:: INFORMATION GIVEN ::

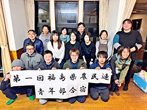 3月4日、福島県農民連青年部は、合宿形式で総会・バーベキュー交流会を須賀川市で開催しました。県内各地から18人が集まりました(写真)。焼肉、カレー、豚汁などでおなかいっぱいに。
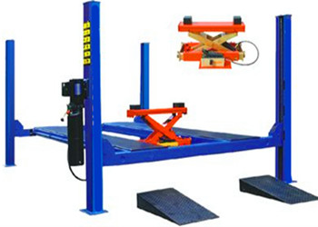 地上式舉升機無需挖槽,適用于任何修理廠,有一些樓板上不適合安裝二柱舉升機以及普通四柱舉升機,而本機器與樓板接觸面廣,這樣可以安裝在任何可以開車的樓板上面,解決客戶場地問題。剪式舉升機比兩柱和四柱舉升機極大的好處是不占用空間,方便使用,不足之處則是補油平衡要求很嚴格,而且需配備控制箱,造價較貴。
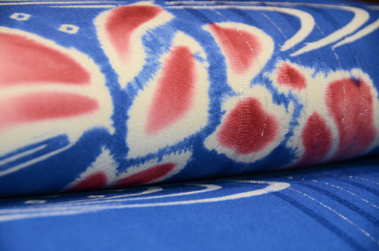 白い絣の文様も一様でなく、よく考え出された手の込んだ、拡張高いものとなっています。
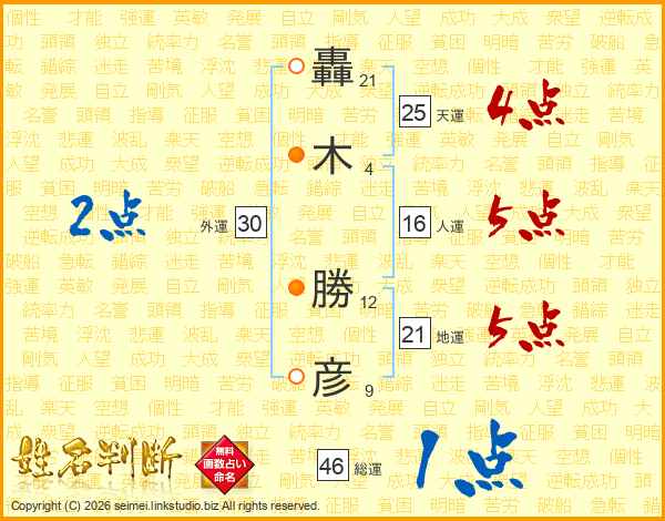 轟(21画)木(4画) 勝(12画)彦(9画)
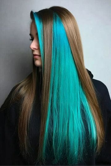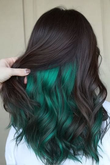 Emerald green: the color of envy, eco-chic, and those velvet couches everyone wanted in the last few years. Tucked under chocolatey or jet-black strands, emerald peekaboo hair smolders quietly, only coming alive in direct sunlight (or under a disco ball, if that’s your vibe). It’s high-fashion with a hint of forest fairy. Especially epic if you wear lots of gold jewelry—something about that green-gold combo just feels expensive.

:::

EXERCISE DETAILS: Please provide a faithful transcription of all the data, pictures excluded.

EXERCISE SOLUTION:
 3月4日、福島県農民連青年部は、合宿形式で総会・バーベキュー交流会を須賀川市で開催しました。県内各地から18人が集まりました(写真)。焼肉、カレー、豚汁などでおなかいっぱいに。
 地上式舉升機無需挖槽,適用于任何修理廠,有一些樓板上不適合安裝二柱舉升機以及普通四柱舉升機,而本機器與樓板接觸面廣,這樣可以安裝在任何可以開車的樓板上面,解決客戶場地問題。剪式舉升機比兩柱和四柱舉升機極大的好處是不占用空間,方便使用,不足之處則是補油平衡要求很嚴格,而且需配備控制箱,造價較貴。
 白い絣の文様も一様でなく、よく考え出された手の込んだ、拡張高いものとなっています。
 轟(21画)木(4画) 勝(12画)彦(9画)
 Emerald green: the color of envy, eco-chic, and those velvet couches everyone wanted in the last few years. Tucked under chocolatey or jet-black strands, emerald peekaboo hair smolders quietly, only coming alive in direct sunlight (or under a disco ball, if that’s your vibe). It’s high-fashion with a hint of forest fairy. Especially epic if you wear lots of gold jewelry—something about that green-gold combo just feels expensive.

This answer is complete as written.